Adapté d'un roman notoirement inachevé et publié à titre posthume, le film assume un plus grand degré de liberté créative pour un troisième chapitre qui suit nos intrépides personnages dans la jungle à la recherche d'Ayahuasca. Alors que les chapitres précédents correspondaient au buzz de l'alcool et du cheval, le rythme et le timbre évoluent une fois que des substances plus folles sont introduites dans le mélange (et dans la circulation sanguine). Aux côtés de ces personnages plus fous, on trouve notamment une chercheuse américaine devenue autochtone, interprétée avec une joie chamanique par Lesley Manville. Mais une fois qu'elle tient enfin sa promesse, le film s'envole vers la rêverie, pour ne jamais revenir.

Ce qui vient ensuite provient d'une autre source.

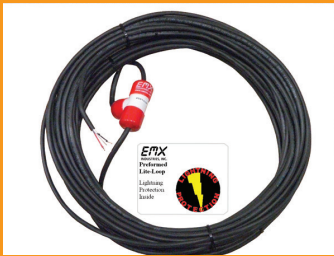
PR-XX (light preformed loop with lightning protection)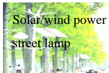
Solar/wind power street lamp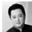
吕嘉 LÜ Jia 首席指挥 Chief Conductor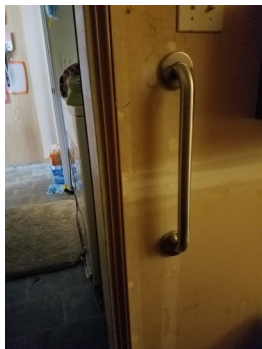
Grab bar for Port Hadlock woman who had fallen down the steps into her garage.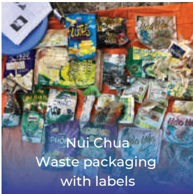
Nui Chua Waste packaging with labels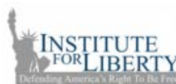
Institute For Liberty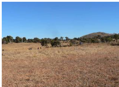
Frost Hollow

The walk starts from William Hovell Drive between Bindubi street and Caswell Drive, Aranda and crosses the low frost hollow before climbing into forest. The forest hollow is comprised mainly of grassland with scattered trees – Eucalyptus pauciflora , E. blakelyi and E. bridgesiana . There are some good examples of very old trees giving way to a wealth of young trees and saplings. As the terrain rose we noticed a change in the trees – E. rubida , E. melliodora and E. dives first making an appearance then E. macrorhyncha , E. mannifera , E. polyanthemos and finally E. rossii . There were not many flowers other than a few good Acacia genistifolia and A. dealbata plus some A. buxifolia in bud, some Cryptandra amara var. longiflora were in bud and some Hardenbergia violacea were showing purple but not yet out.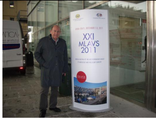
Fig 3: The President of MLAVS at the entrance of Museo del Mare.

The scientific program was excellent. It was equally divided in two large rooms, the Vespucci saloon and the auditorium , and was composed of forum lectures, jointed symposia, round tables, and paper sessions which covered the up to-day vascular and endovascular surgery, as well as cardiovascular medicine, phlebology and lymphology in a step by step manner. The main symposia gave an answer to what is new in carotid and peripheral arterial disease, what's new in aortic surgery (thoracic, thoraco-abdominal and abdominal aorta), as well as what are the latest steps and new horizons in angiology, cardiovascular medicine, phlebology and lymphology. It is of importance to say that the way it was presented Lymphology in this Congress, was something new for many participants. The amazing was that this "extended" lymphology did not affect at all the other vascular components of the scientific program and it was definitely something that was missing from previous MLAVS Congresses. All summaries are included in the last issue of ANGIOLOGY (sublimate), and anyone can read them and use them as reference.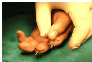
Fig. 4: Placement to the implant and abutment in index and middle finger of the left hand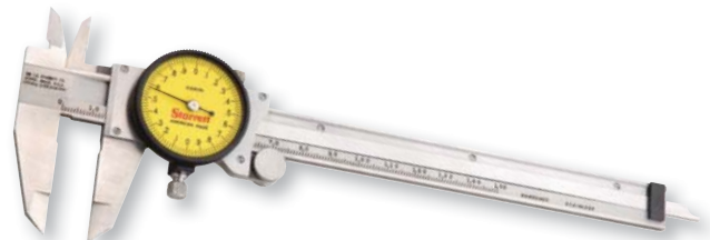
120AM-150 metric dial caliper with yellow dial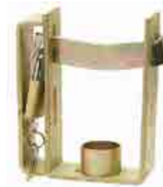
COUPLING LOCK AND PADLOCK - DUAL PLATED WITH PADLOCK DELUXE 000395

Secures trailer when attached or not attached to a vehicle.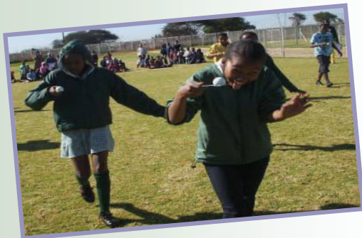
Egg and Spoon Race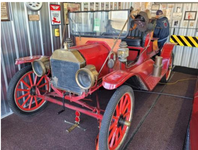
1909 Model T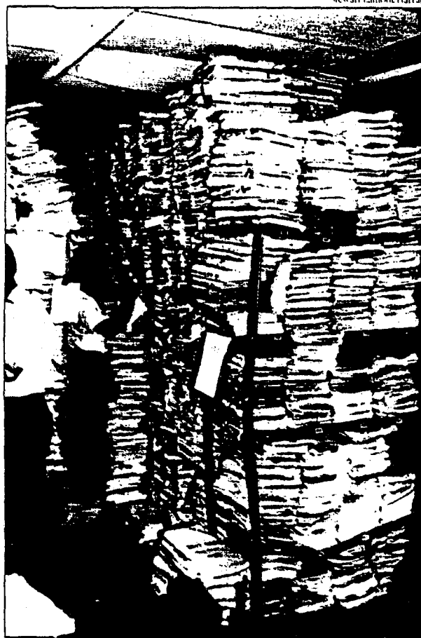
Auditing transcripts describing intimate life histories, in a Scientology storeroom in Clearwater, Fla. Something to think about a lot. should you consider being audited.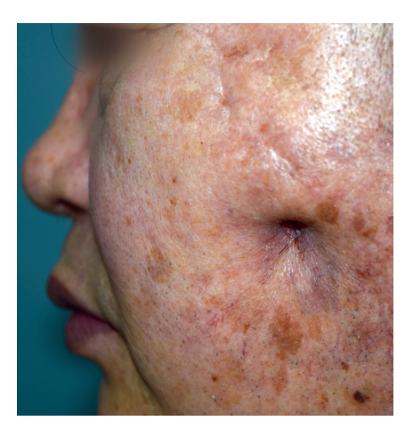
Fig. 1. Preoperative gross photograph.

Saline irrigation and the application of betadine-soaked dressing was performed on the cheek incision for 2 days and the inflammation, which was accompanied by unclear discharge, was alleviated. Under local anesthesia, scar tissue debridement and layer by layer closure were followed. The wound healed without complications. Postoperative facial motor dysfunction and sensory deficit were not observed. Postoperative 27-month photograph showed that the unsightly dimple on the left cheek was greatly improved, and only a slight remnant dimple remained, which could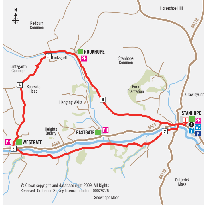
Snowhope Moor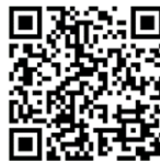
Request a tutor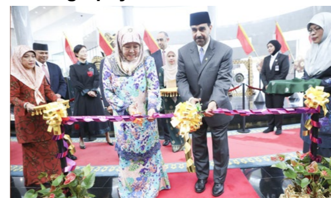
Her Royal Highness Princess Hajah Masna binti Al-Marhum Sultan Haji Omar 'Ali Saifuddin Sa'adul Khairi Waddien, Ambassador-at-Large at the Ministry of Foreign Affairs; His Excellency Ambassador of the Sultanate of Oman to Brunei Darussalam, Dean of the Diplomatic Corps in Brunei Darussalam and launching the exhibition.

BANDAR SERI BEGAWAN, December 16 - In appreciation of the development in bilateral relations between the Sultanate and the diplomatic missions in the country as well as gratitude to the government and people of Brunei Darussalam for the hospitality, the Diplomatic Corps in Brunei Darussalam organised a photography exhibition: 'Brunei Darussalam from the Eyes of Foreign Diplomats and their Families'.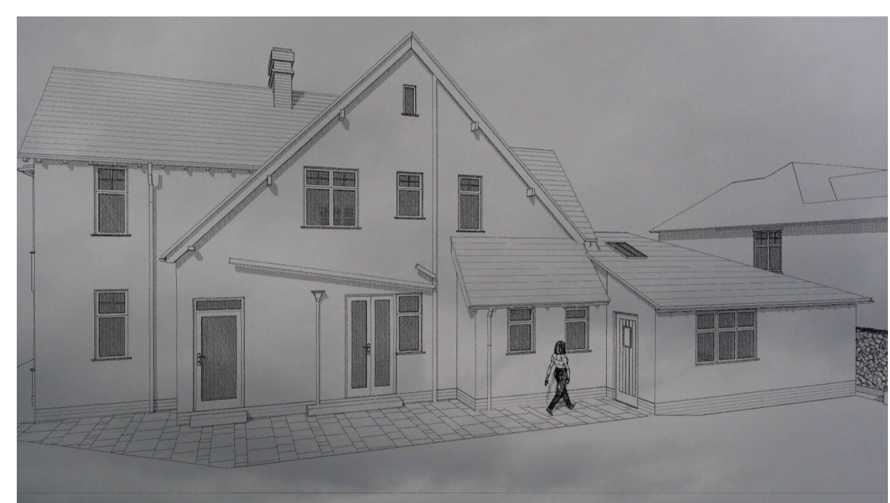
223.20.- Picture 8

Bien sûr, Guadagnino sait orchestrer une crise de nerfs au troisième œil, et il couronne même ce long voyage par une réalisation de souhaits indélébile, en composant des images qui voient les deux hommes enfin se libérer de leur séparation corporelle – et puis le film continue, rompant avec cette approche originale de la mystique de William S. Burroughs pour réchauffer les restes du « Festin nu ». La coda prolongée semble d’autant plus frustrante qu’elle se construit à partir d’une scène finale idéale – mais c’est peut-être là le but. Burroughs et Guadagnino sont des artistes de l’indulgence, et Lee n’est pas du genre à jeter l’éponge et à s’arrêter là. La chasse continue, la fête ne s’arrête jamais, et cette maudite faim ne sera jamais satisfaite.